_PROBLEM STATEMENT_
Given the listing below, the answer must be only the number of lines containing the string "with".

_EXTRACTED INFORMATION_
▽
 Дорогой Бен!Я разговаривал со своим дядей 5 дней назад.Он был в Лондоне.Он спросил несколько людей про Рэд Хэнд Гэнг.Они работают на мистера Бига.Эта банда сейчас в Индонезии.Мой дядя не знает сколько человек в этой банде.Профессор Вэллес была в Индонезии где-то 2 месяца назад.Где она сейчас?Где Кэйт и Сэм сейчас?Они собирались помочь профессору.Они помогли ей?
△
▽
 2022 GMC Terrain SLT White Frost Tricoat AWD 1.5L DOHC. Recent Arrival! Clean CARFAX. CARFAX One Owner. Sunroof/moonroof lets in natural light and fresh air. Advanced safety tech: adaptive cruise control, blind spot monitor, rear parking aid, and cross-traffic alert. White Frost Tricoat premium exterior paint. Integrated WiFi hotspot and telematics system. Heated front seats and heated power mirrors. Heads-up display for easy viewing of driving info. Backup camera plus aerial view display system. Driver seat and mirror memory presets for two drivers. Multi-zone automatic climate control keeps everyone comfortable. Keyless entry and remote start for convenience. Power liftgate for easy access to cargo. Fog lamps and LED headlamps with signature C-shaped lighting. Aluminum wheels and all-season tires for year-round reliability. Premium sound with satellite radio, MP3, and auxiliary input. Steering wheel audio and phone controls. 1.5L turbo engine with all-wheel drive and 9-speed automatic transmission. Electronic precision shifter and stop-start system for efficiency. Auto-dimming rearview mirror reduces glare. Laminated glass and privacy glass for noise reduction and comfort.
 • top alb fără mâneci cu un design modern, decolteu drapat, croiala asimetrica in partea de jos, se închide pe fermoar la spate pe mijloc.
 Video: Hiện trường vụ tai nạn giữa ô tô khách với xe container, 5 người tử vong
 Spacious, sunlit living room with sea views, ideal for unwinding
△
_RESPONSE_
2